Cedric looked at him sharply and uncrossed his arms. "You — you actually mean that?"
"Of course." Harry held his gaze. "We helped each other through every task, didn't we? We got here together. So let's finish it together."
Cedric was quiet for a moment.
Then he smiled — genuinely, without reservation.
"All right," he said. "I'm with you."
They walked toward the trophy side by side, each reaching out a hand toward one of its gleaming handles.
"Count of three?" Harry said. "One — two — three—"
They each seized a handle.
The Goblet of Fire activated. Neither champion could release their grip. The trophy spun and blazed, lifting them from the ground, and they were hurled forward through a rush of wind and colour.
---
Deep inside the maze, Sirius Black watched the names "Harry Potter" and "Cedric Diggory" vanish from the Marauder's Map.

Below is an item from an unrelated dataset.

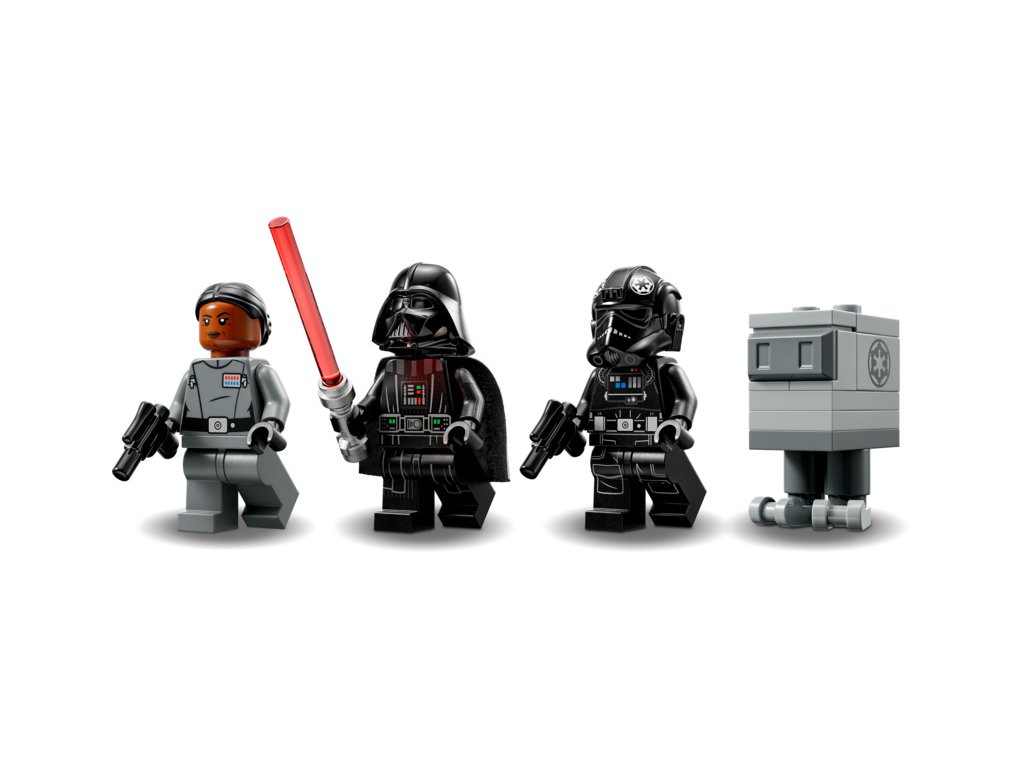 - 3 minifigurky LEGO® Star Wars™ se zbraněmi a Gonk droid – Darth Vader se světelným mečem, viceadmirálka Sloane s blasterovou pistolí a pilot bombardéru TIE s blasterovou pistolí, a navíc figurka LEGO Gonk droida

He stared at the Goblet of Fire in front of him — the real Goblet of Fire, still sitting placidly in the rubble of its stone disguise.
It looked back at him, blankly, without apology.

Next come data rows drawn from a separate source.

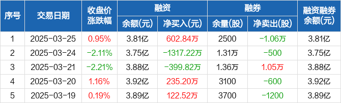 融资方面,当日融资买入2454.32万元,融资偿还1851.48万元,融资净买入602.84万元。融券方面,融券卖出0股,融券偿还1.06万股,融券余量2500股,融券余额5.04万元。融资融券余额合计3.81亿元。
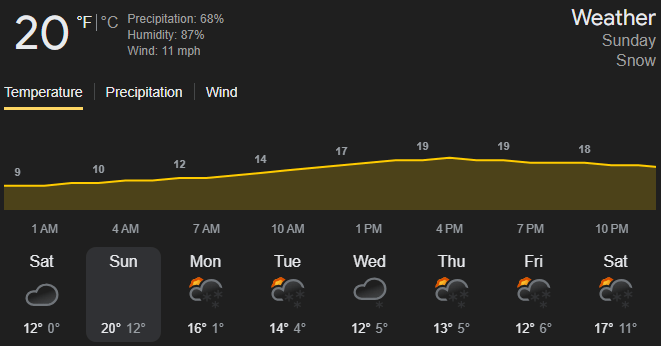 Temperatures will hover near 20 degrees Sunday afternoon, with a light breeze around 10 mph making conditions feel brisk but not extreme.
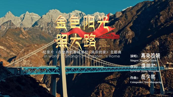 主題曲《金色陽(yáng)光照大路》MV始于動(dòng)車飛馳通過金沙江特大橋的畫面,雪山腳下、虎跳峽之上,一條“金色大道”已徐徐鋪就。從央宗一家放牧轉(zhuǎn)場(chǎng)的羊腸小道,到今日開通運(yùn)營(yíng)的麗香鐵路,該片將云南涉藏洲縣的發(fā)展進(jìn)步、社會(huì)和諧、民眾幸福的故事展現(xiàn)在全世界觀眾面前。

Sirius stood very still as the understanding settled over him.
McNeil had never touched the Goblet. He had never dared to touch something Dumbledore himself had enchanted. He hadn't needed to.
He had simply hidden it. Concealed it inside a hollow stone pillar. And then — somewhere southwest, somewhere in the maze — he had created a second object. Something that looked enough like the Goblet to fool two champions sprinting toward the end of a gruelling competition. Something he had transfigured into a Portkey.
Sirius had almost reached them in time.
"McNeil, you cunning, wretched—" He stopped, forcing himself to think instead of rage.
Where were Harry and Cedric now? Little Hangleton? Somewhere else entirely? With Barty Crouch Jr.'s information exposed and Voldemort's plans disrupted, there was every chance the destination had been changed. Perhaps Voldemort had learned more through Bertha Jorkins. Perhaps the whole scheme had been revised. Every Order member who had kept watch near that graveyard for days — all of it potentially moot.
Sirius looked back at the sky. The red sparks from Fleur's position had gone dark — Alastor and the others had reached her. Krum's sparks were still burning, which meant McNeil hadn't been dragged out of the maze yet.
Sirius gritted his teeth.
He left the Goblet where it stood without looking back.
He ran.
Before Alastor and the others reached Krum's position, he had to get to McNeil — by whatever means necessary, the Imperius Curse or the Cruciatus Curse, he didn't much care — and force that lying, treacherous Death Eater to tell him exactly what he'd done, where Harry and Cedric had been sent, and what Voldemort was planning.